TPOD is your one stop shop for instance object detection.
- Record multiple videos (~10 videos for each object) of ~10 seconds capturing the object you want to create an object detector for. Videos capturing the object under different view points, lighting conditions, scale, and with negative examples in your use case work better.
- Upload the videos to TPOD on the video management page.
- Add labels, specifying the name of the object for each video.
- Go to classifier management, select training videos, and launch training.
- When the training is finsihed, you can upload sample test images to get a feeling on how well the classifier is working by going to the "detection" column in the classifier management page.
- TPOD supports exporting the trained model as an HTTP server to ease integration with external applications. The HTTP server is encapsulated as a container image.
- Click on "Export" Button. A banner will show up with a docker pull command showing the uri of the container image.
- Copy and issue the docker pull command. If the resource is showing up as not found, wait and try again in a few minutes as the container images is being pushed to the registry.
- See this Section on how to use the downloaded container image.
(An old instructional video is here. The overall workflow stayed the same.)
We provide an installation script install.sh for ubuntu 14.04 and 16.04. Current TPOD backend can only run on a machine with a GPU.

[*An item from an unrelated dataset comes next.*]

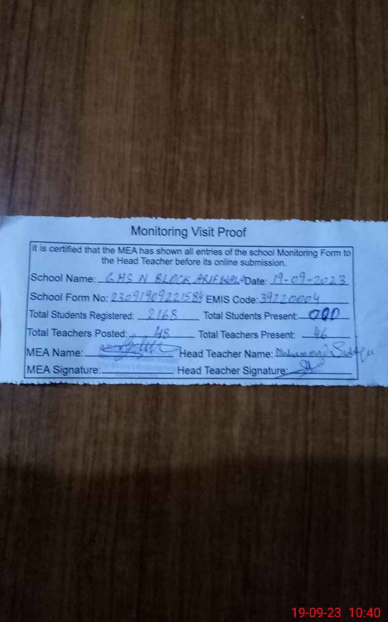 | EMIS Code: 39220004 | Name of School: GHS ARIFWALA N BLOCK | |||
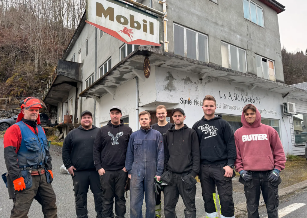 Nordmøre Gatebilklubb, her ved Tore Mo (f.v.), Harald Bæverfjord Ranheim, Ole Vikavoll, Erlend Sæthervik, Aron Telstad Sollid, Erik Nordvik Sæter, Sindre Humberset og Lars Kristoffer Kårvatn Moen, har begynt arbeidet med å gjøre deler av «Aasbø-smiå» i Surnadalsøra 55 til klubbhus. Foto: Øystein Hjelle Bondhus / Driva

git clone https://github.com/junjuew/TPOD.git
cd TPOD
- Copy env-template.sh into env.sh. Customize your configuration. TPOD will create an admin user specified by DEFAULT_USER and DEFAULT_USER_PASSWORD. You'll need this username and password to login. CONTAINER_REGISTRY_URL should be a docker container registry. It is where the trained object detector image will be pushed into.
cp env-template.sh env.sh
- Pull the faster-rcnn container base image. TPOD uses the base image to fine-tune the faster-rcnn object detection model.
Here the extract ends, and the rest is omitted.